Прима-балерина Илзе Лиепа — о счастье позднего материнства

Полтора года назад балерина Илзе Лиепа в возрасте 46 лет родила дочку Наденьку, и в прессе тут же появились комментарии: «не каждой женщине это по силам», «сложности поздних родов»… Прима-балерина рассказала о счастье позднего материнства.

22 августа 2011 19:25
10165
0

Если верить в то, что имя — это судьба, то ее пример — самый наглядный. Сидя на обычной кушетке, эта женщина держится так, будто она на троне. При этом никакой напыщенности, высокомерия или позерства. Изящество в каждом жесте, гармония голоса и слов, великолепный цвет лица, безукоризненная осанка. И лишь глаза выдают, что за плечами годы, полные страстей, трудов и тревог. Ее имя, как и характер, — с твердым стержнем, симбиоз иглы и лезвия — цепляет за живое…

— Илзе, ваше имя настолько необычно, что трудно удержаться от вопроса, наверняка вам надоевшего: как оно появилось?

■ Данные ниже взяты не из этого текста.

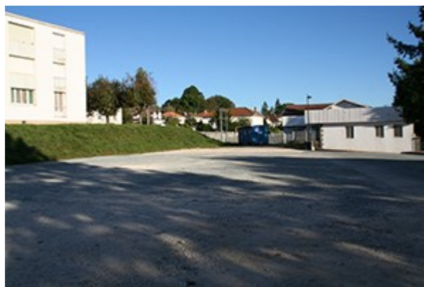
La place devant les HLM

Suite à la démolition de la barre HLM du champ de foire 10 logements individuels vont être construits sur l'espace laissé libre par Horizon Habitat. La commune s'est engagée de son coté à réaménager dans sa totalité la place qui se trouve devant les HLM restants.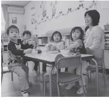
子どもたちを見守る保育士

少子化対策の一環として、待機児童の解消が重要となつてくるところから、保育水準の低下を招かないために、公立保育所の一般財源化を廃止し、直接補助制度にすることを求め、国に対して意見書を提出するもの。 ※賛成少数で否決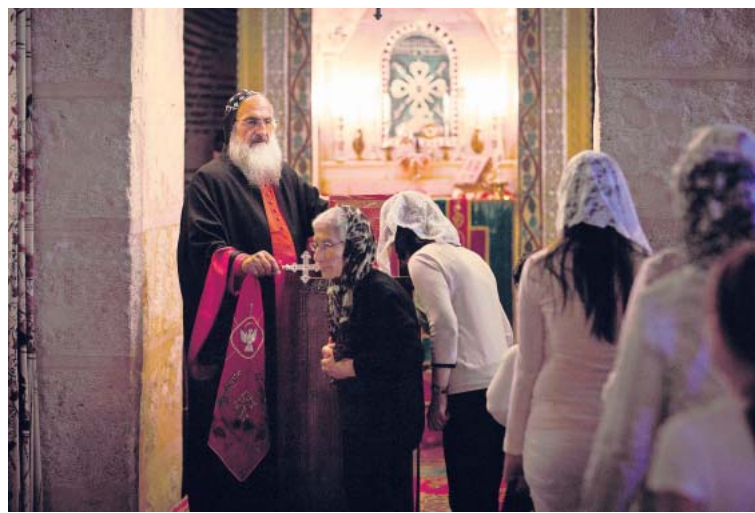
„In Europa kann man sich nicht vorstellen, was es bedeutet, als Christ hier zu leben“: Bischof Timotheos bei der Messe.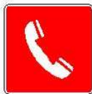
Telefono per interventi antincendio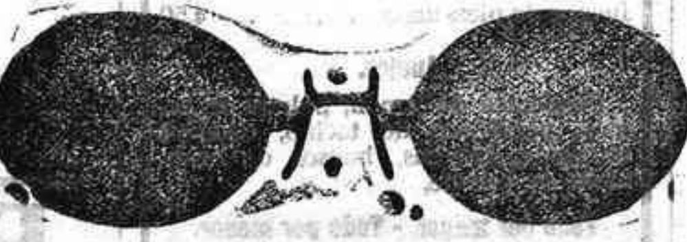
Este modelo, en níquel, 5 pesetas.

A pesar de la gran subida de la mayoría de los artículos, sigo vendiendo a los mismos precios. Gran surtido en relojes finos y corrientes, en ORO, DE SENORAY CABALLERO; relojes de plata, acero y níquel, marcas escogidas; despertadores de bolsillo con esferas Radio. RELOJ, ORO DE LEY, en correa, para caballero o señora, 40 pesetas; en níquel, 7.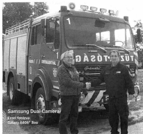
Samsung Dual Camera Ezzel fotózva: Galaxy A406 800

Nem a tűzoltókon múlt, hogy mégsem mehetett nyugdíjba. Sajnos a jászkisérihez hasonló vagy még rosszabb körülmények között sok önkéntes tűzoltóság működik az országban. Ezt az is igazolja, hogy a Magyar Falu Program keretében lehetett használt tűzoltóautó vásárlására is pályázatot beadni. Ezen Vál Tűzoltó Egyesülete támogatást nyert, amiből megvásárolták a mi öreg autónkat. Ott kezdi harmadik életét. Tartalék szerepkörben váltja ki a nála még öregebb, kevésbé modern tűzoltóautót.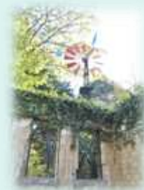
旧フランス領事官邸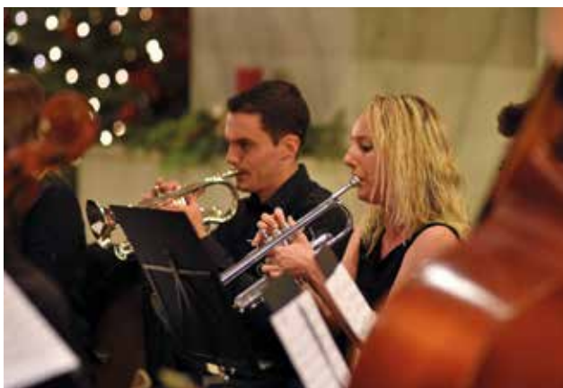
Hudebníci z orchestru „Symfonie mladých“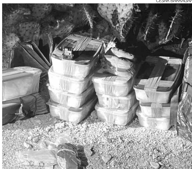
Decomisaron 26.3 kilogramos de metanfetaminas en una zona desértica cerca del poblado de Why, Arizona.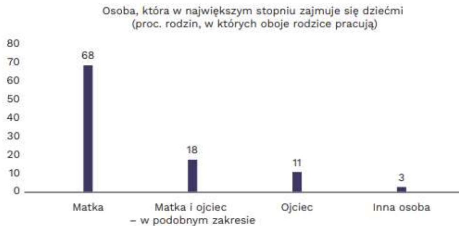
Wykres 16. Nawet gdy oboje rodzice pracują, to głównie matki zajmują się dziećmi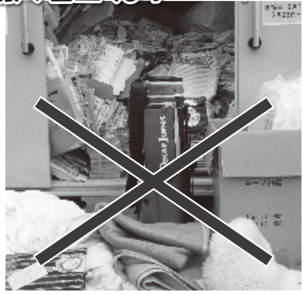
▲古布については、古着以外のものは回収できません。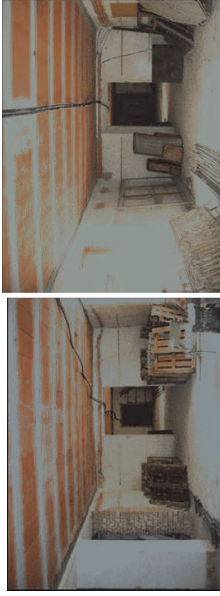
Vistas de las salas de la crujía central en planta baja. Fot. Junio 2008

Desde el zaguán también se accede a la crujía central, entre el ala este y oeste, la cual está compartimentada en 4 salas, y desde las dos últimas a otras dos, una al norte y otra al sur, abriendo todas ellas sus huecos a los patios.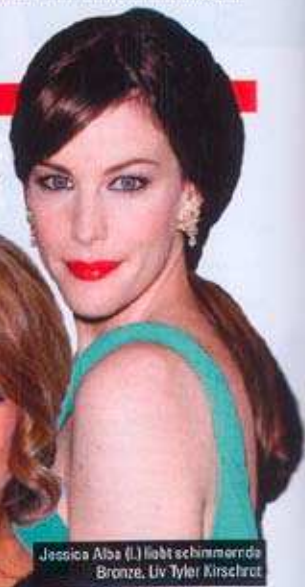
Jessica Alba (l.) liebt schimmernde Bronze. Liv Tyler (rechts)

V.o.n.u.: Color Fever Shine „104“ von LANCÔME, um 25 Euro, Wanted Shine „37“ von HELENA RUBINSTEIN, um 26 Euro, Rouge Allure „46“ von CHANEL, um 25 Euro

Илзе Лиепа: «История моего имени очень романтична. Мои родители встретились, когда мама снималась на Рижской киностудии в фильме „Илзе“. Отец часто летал в Ригу, свой родной город, и в самолете они познакомились. Поэтому имя Илзе — это основа их знакомства, исток их любви. Примечательно, что на следующий день после нашего венчания с моим мужем Владиславом (это было в Санкт-Петербурге) мы с ним заглянули в один антикварный магазинчик, и в коллекции старых постеров он нашел афишу фильма „Илзе“ с моей мамой. Совпадение поразительное — когда он стал копаться в этих постерах, я удивилась и спросила: „Ты что, этим увлекаешься?“ Он ответил: „А вдруг здесь есть что-то о твоей маме…“ И вот — пожалуйста. Ощущение было такое, что этот постер сам нас нашел, настолько странно он попал к нам в руки».

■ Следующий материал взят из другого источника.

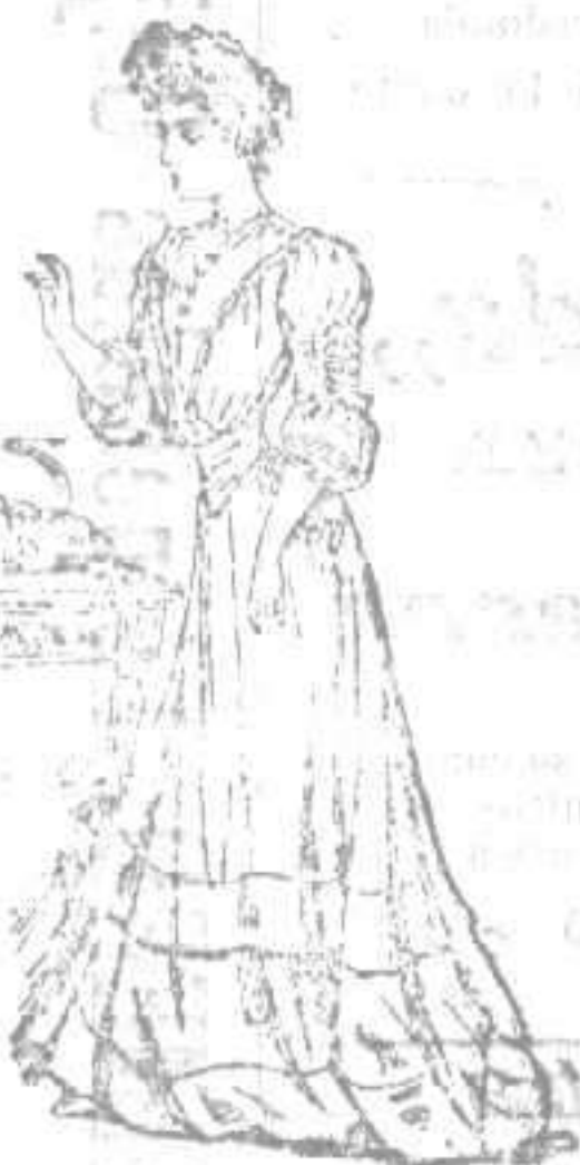
Traje para recibir

Cuerpo lindamente adornado, cuya especialidad son las mangas. Falda amplia, con volantes.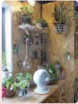
店内にあるお洒落なプリコラージュフラワー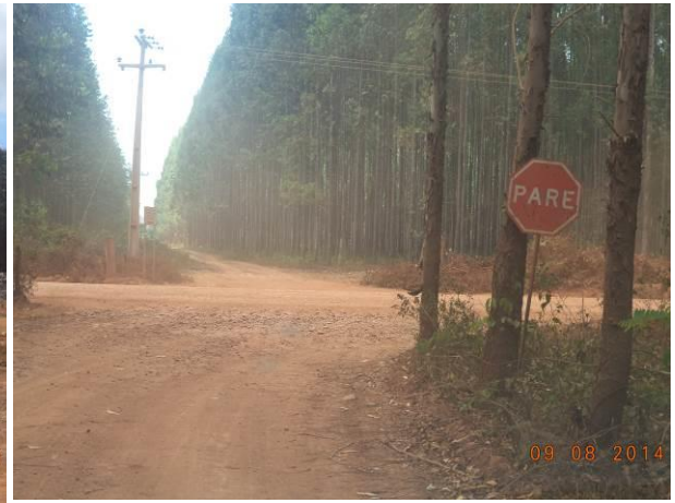
Foto 46: Presença de cruzamento no Acesso AC01B, Açailândia - MA.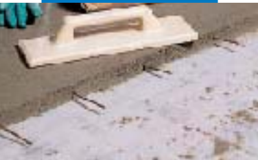
Topcem-Estrich-Verdübelung im Bereich der Arbeitsfugen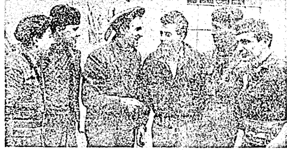
Brigazii de tineret „Unirea” de la fabrica „7 Noiembrie” l-au fost încredințate lucrările de modernizare a instalațiilor electrice din secția lăchilor.

Printre o mal bună organizare a muncii și prin mal multă disciplină din partea fiecărui muncitor, în țesătorie s-au realizat peste planul lunar 12.000 m. p. țesături, iar la filasaj s-au dat peste plan 18.232 m. p. țesături. Printre celo mal a-preciabile rezultate, aratăm că uzina și-a realizat și în această lună planul pe sortimente, în celo mal bune condiții.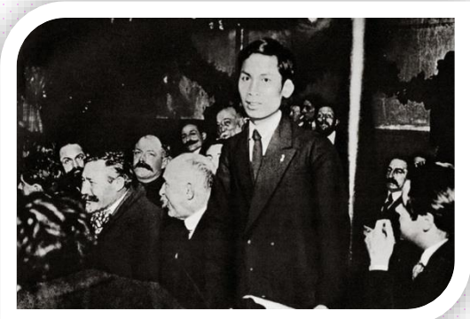
Nguyễn Ái Quốc phát biểu tại đại hội lần thứ 18 Đảng Xã Hội Pháp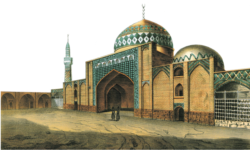
Древняя мечеть азербайджанских тюрок. Находилась внутри Иреванской крепости. Картина Дюбуа де Монпере (XIX век)

основную часть дворца, были включены в дворцовый комплекс в 1791 году сыном Гусейнали хана Мухаммед ханом Гаджаром. Таким образом, здание получило архитектурное завершение в виде монументального дворцового комплекса. 35 Ханский (или Сардарский) дворец в Иреване – некогда жемчужина восточного архитектурного искусства – был до основания разрушен армянами в 1918 году.

«К моменту нашей встречи с Владиславом я была абсолютно готова к тому, чтобы жить одна. Я понимала, что в моем кругу я точно не смогу встретить мужчину, «созвучного» моим взглядам».
«К моменту нашей встречи с Владиславом я была абсолютно готова к тому, чтобы жить одна. Я понимала, что в моем кругу я точно не смогу встретить мужчину, «созвучного» моим взглядам».

— Я читала, что когда вы поступили в хореографическое училище, отец сказал вам: «Все, твое детство кончилось». Так оно и вышло на самом деле?

Илзе: «Да. Это происходит с каждым маленьким человечком, который поступает в хореографическое училище. Мне тогда исполнилось всего лишь девять лет. Впрочем, сейчас то же самое случается с любым ребенком, который поступает в самую обычную школу. Современные дети не могут просто так пойти погулять на улице или во дворе».

— В чем для вас выражалось отсутствие детства? Ни разу не хотелось все бросить и убежать гулять на улицу?

Илзе: «Занятость ребенка, который поступает в хореографическое училище, абсолютна. Уроки начинаются с девяти утра, а заканчиваются зачастую в девять вечера. Думаю, такую нагрузку можно выдержать только в детстве, потому что у ребенка есть некоторый запас прочности, внутренний ресурс скрытой энергии. Мы с Андрисом ездили в училище либо на метро, либо на троллейбусе по бульварам. И я очень хорошо помню, как я шла по станции „Фрунзенская“ с тяжелым портфелем, смотрела на младенцев в колясках и думала: „Какие же они счастливые! Лежат — и их везут!“ Нам действительно приходилось несладко. Хотя в училище мы с Андрисом пошли, разумеется, по собственному желанию, отец не предпринимал никаких усилий для того, чтобы нас заинтересовать. Андрис с детства говорил: „Я хочу быть папой в Большом театре“. Наверное, я могла бы сказать то же самое. Но профессия с большой буквы для меня началась совсем не сразу. Я хорошо помню тот момент — мне было около тринадцати лет. У меня поменялся педагог, и я вдруг невероятно полюбила занятия».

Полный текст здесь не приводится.